§ **Information provided**
--- START ---

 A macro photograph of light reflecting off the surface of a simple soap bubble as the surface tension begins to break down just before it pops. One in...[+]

--- END ---
--- START ---

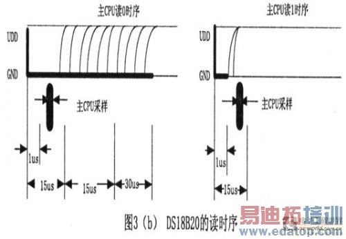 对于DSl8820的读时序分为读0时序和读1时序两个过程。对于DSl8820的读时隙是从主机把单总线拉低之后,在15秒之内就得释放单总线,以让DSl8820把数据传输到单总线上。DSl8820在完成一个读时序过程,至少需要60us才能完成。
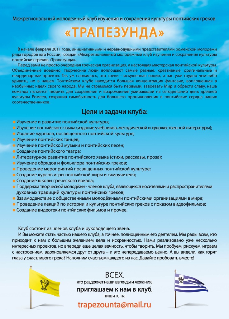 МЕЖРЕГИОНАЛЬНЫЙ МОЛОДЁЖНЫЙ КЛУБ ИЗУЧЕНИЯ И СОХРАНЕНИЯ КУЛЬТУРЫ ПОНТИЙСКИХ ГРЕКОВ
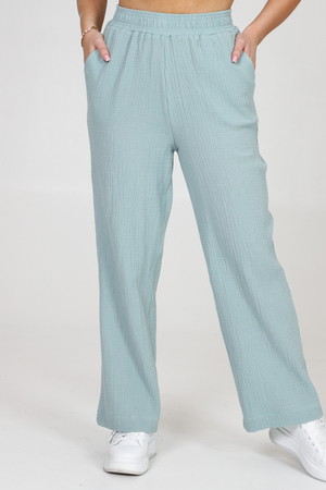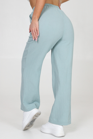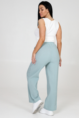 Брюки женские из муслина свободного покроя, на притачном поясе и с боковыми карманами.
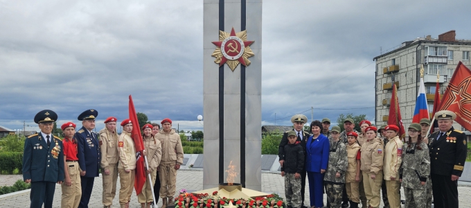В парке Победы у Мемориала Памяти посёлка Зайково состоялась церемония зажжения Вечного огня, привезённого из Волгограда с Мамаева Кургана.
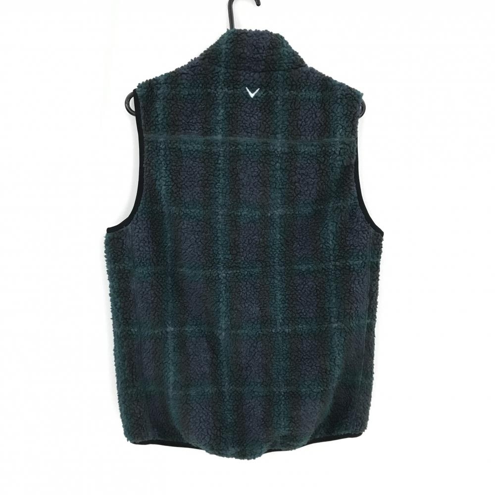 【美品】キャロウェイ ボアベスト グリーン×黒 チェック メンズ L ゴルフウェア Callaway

--- END ---
--- START ---

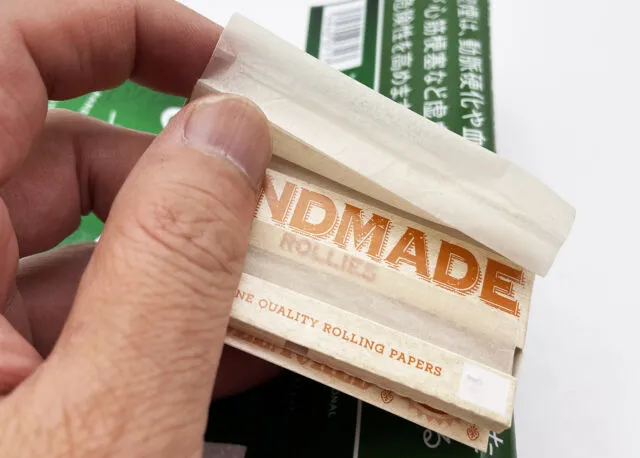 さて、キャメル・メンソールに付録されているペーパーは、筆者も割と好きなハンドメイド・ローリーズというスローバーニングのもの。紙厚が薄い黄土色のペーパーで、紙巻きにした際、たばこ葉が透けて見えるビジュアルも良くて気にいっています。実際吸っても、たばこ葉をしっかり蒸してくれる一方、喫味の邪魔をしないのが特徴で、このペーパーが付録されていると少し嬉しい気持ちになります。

--- END ---

§ **Your goal**
Once the line with "МЕЖРЕГИОНАЛЬНЫЙ МОЛОДЁЖНЫЙ КЛУБ" is found above, transcribe each line from it through the line with "L ゴルフウェア Callaway", exactly, and omit the pictures.

§ **Output of the task**
 МЕЖРЕГИОНАЛЬНЫЙ МОЛОДЁЖНЫЙ КЛУБ ИЗУЧЕНИЯ И СОХРАНЕНИЯ КУЛЬТУРЫ ПОНТИЙСКИХ ГРЕКОВ
 Брюки женские из муслина свободного покроя, на притачном поясе и с боковыми карманами.
В парке Победы у Мемориала Памяти посёлка Зайково состоялась церемония зажжения Вечного огня, привезённого из Волгограда с Мамаева Кургана.
 【美品】キャロウェイ ボアベスト グリーン×黒 チェック メンズ L ゴルフウェア Callaway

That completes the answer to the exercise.